Genetic counselling is one of the major tools. Since the profession was first established in the United States in 1969, the number of trained counsellors has grown to more than 7,000 worldwide10. Counsellors have a crucial role in supporting families with genetic conditions: they help patients understand the implications of their test results, and discuss options with them for cascade testing or additional testing11. As advances in molecular medicine drive changes in testing guidelines to include more cancer patients in whom germline testing can be informative, AlDubayan suspects that the field is moving towards universal testing. “Testing all cancer patients could soon be justified as a cost-effective approach to improve cancer management,” he says.
More than a decade ago, Pal set up ICARE, a research registry for individuals interested in participating in studies focused on inherited cancer. Through this registry, research and clinical advances are regularly communicated to participants and providers. “As guidelines are updated, we inform our participants about changes that may be relevant to them or their family. We also contribute to the larger research mission through our own studies, and through collaborations with researchers worldwide — all with the goal of improving care and outcomes among individuals with inherited cancer predisposition,” she explains.

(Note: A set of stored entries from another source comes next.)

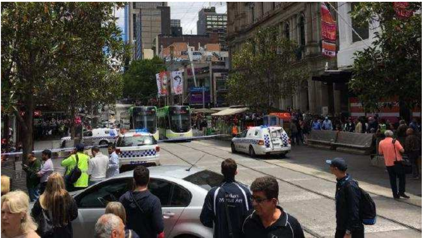
📷 Emergency services at Bourke St Mall.

Witnesses said the vehicle travelled north on Swanston St then west into Bourke St Mall.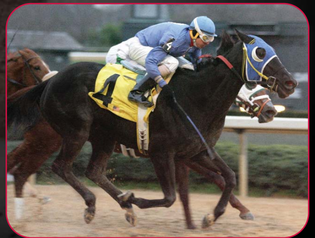
COUNTRY DIVA, American Beauty S.

(#1 in crop by 2006 Rate of Return on weanlings)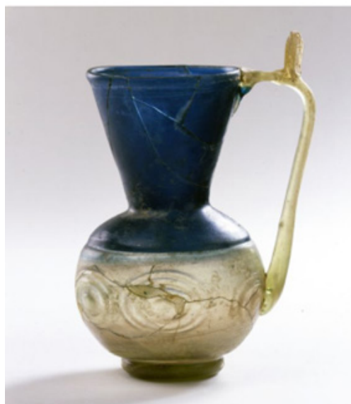
Figure 4: Glass pitcher made by Incalmo method (www.davidmus.dk)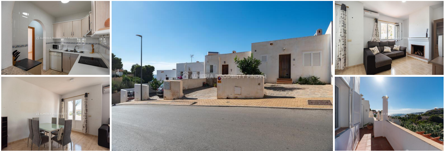
Town House Inez I - A town house in the Mojácar Playa area. (Resale)

Rincon de la Bahia: Super spacious 3 bed, 2 bath townhouse situated very close to the best Mojácar amenities about 350m from the beach front. The property is constructed over two levels with a build size in excess of 90m 2 . The community gardens are well tended and maintained as is the pool with grass surround. At street level the property comprises entrance hallway, original kitchen, living room with chimney & air conditioning and with huge terrace off where you have a lovely sea view and a double bedroom with built in wardrobes. A marble staircase to the lower floor is where you have two double bedrooms both with built in wardrobes and both with access to another super huge terrace. Parking is available in front of the property.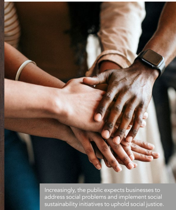
Increasingly, the public expects businesses to address social problems and implement social sustainability initiatives to uphold social justice.

MANY BUSINESSES, INCLUDING THOSE WITHIN THE HOSPITALITY INDUSTRY, ARE IMPACTED BY THE PERCEPTIONS CONSUMERS HOLD REGARDING HOW THE BUSINESS BEHAVES ON MATTERS OF SOCIAL SUSTAINABILITY.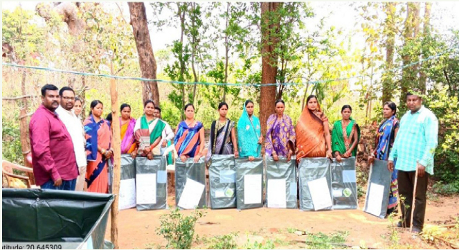
Support for Livelihood Promotion & Income Generation Activities through Convergence through AJY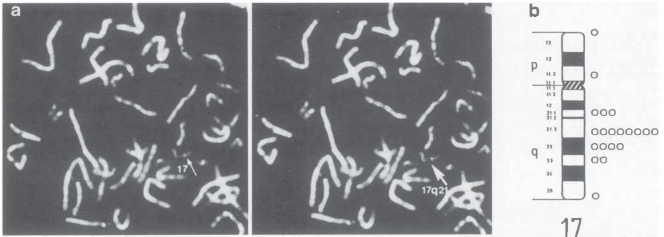
FIG. 1. Localization of the c-erbB-2 gene by in situ hybridization. (a) Photograph of a lymphocyte metaphase spread hybridized with the c-erbB-2 probe nick translated with [ 3 H]dCTP (30 Ci/mmol) and [ 3 H]dTTP (48 Ci/mmol). The specific activity of the probe was 3 \times 10^7 cpm/ \mu g of DNA. The chromosomal DNA was denatured on slides in 70% formamide- 2\times SSC ( 1\times SSC is 0.15 M NaCl plus 0.015 M sodium citrate) at 70°C for 2 min and then hybridized in a solution of 50% formamide- 2\times SSC-40 mM sodium phosphate (pH 7.0)-10% dextran sulfate-denatured salmon sperm DNA (100 \mu g/ml)- 1\times Denhardt solution for 16 h at 40°C. After hybridization, the slides were rinsed for 10 min twice in 50% formamide- 2\times SSC at 40°C and then several times in 0.2\times SSC at 37°C. Autoradiography was performed using half-strength Sakura NR-M2 emulsion (Konishiroku, Tokyo) for 3 weeks at 4°C. Chromosomes were Q banded using the double-staining method with quinacrine-mustard and Hoechst 33258 (27) and analyzed under a fluorescence microscope (left). Silver grains were detected by visible light and were identified on Q-banded chromosomes (right). (b) Distribution of 20 grains over chromosome 17.

with t(15;17), translocation of the p53 gene to chromosome 15 was observed in three of three APL cases tested (8) by in situ hybridization. Thus, further analysis of APL cells with t(15;17), which include in situ hybridization on chromosome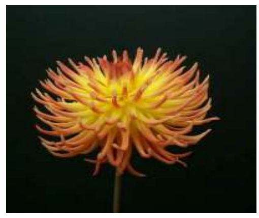
CLEARVIEW AVIA BB-IC-FL AVE 87.01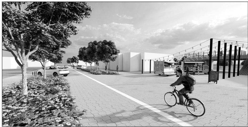
A street level view of Main Street.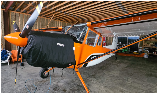
Cessna Bird Dog, L-19, O-1, 305 Insulated Engine Cover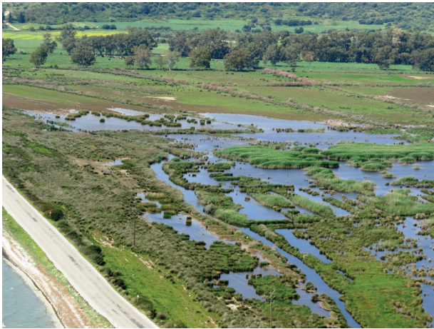
Figure 4. The Livadi Marshes on Kefalonia are the last suitable habitats for the Balkan Terrapin (16.4.2017).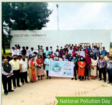
National Pollution Day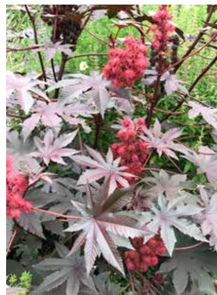
▲ Red leaf castor bean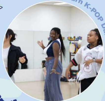
Learn K-POP Dance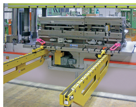
Die changing console with drive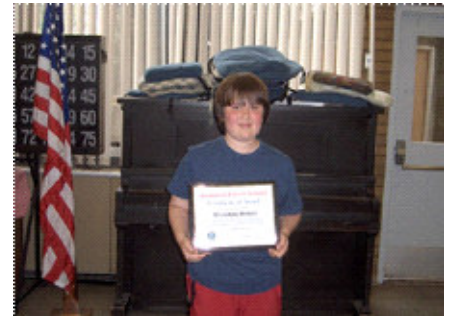
May 2007 The Dux Awards'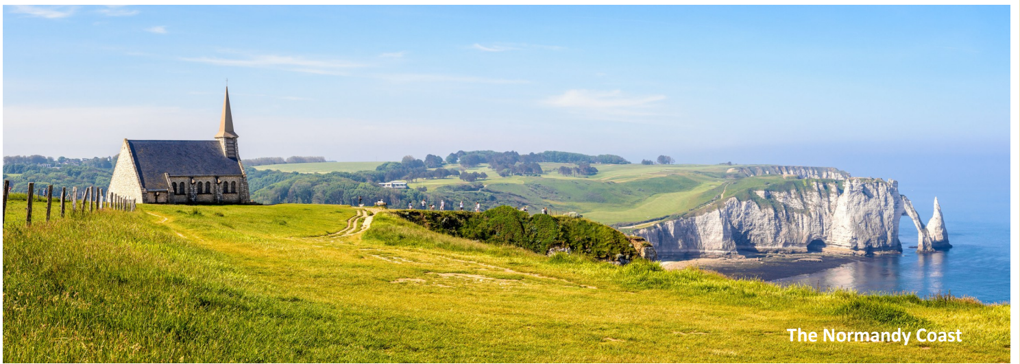
The Normandy Coast

Day 1 Depart the USA Begin your thrilling journey as you depart from the USA on an overnight flight to the enchanting city of Paris, France. Enjoy meals & beverages onboard.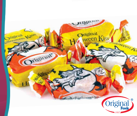
6633 HALLOWEEN TOFFEE KISSES 10.00 kg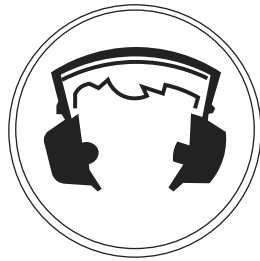
Hearing protection must be worn in this area

As inherited cancer risk calculations become more refined, reflecting the contribution of multiple genes and lifestyle risk factors, doctors will be able to implement more personalized preventive measures. Gomella reflects on the path ahead: “Our ability to potentially change the course of a disease that has not manifested, or that has no effective treatment, is a challenge that medicine and society will have to address as the technology evolves.”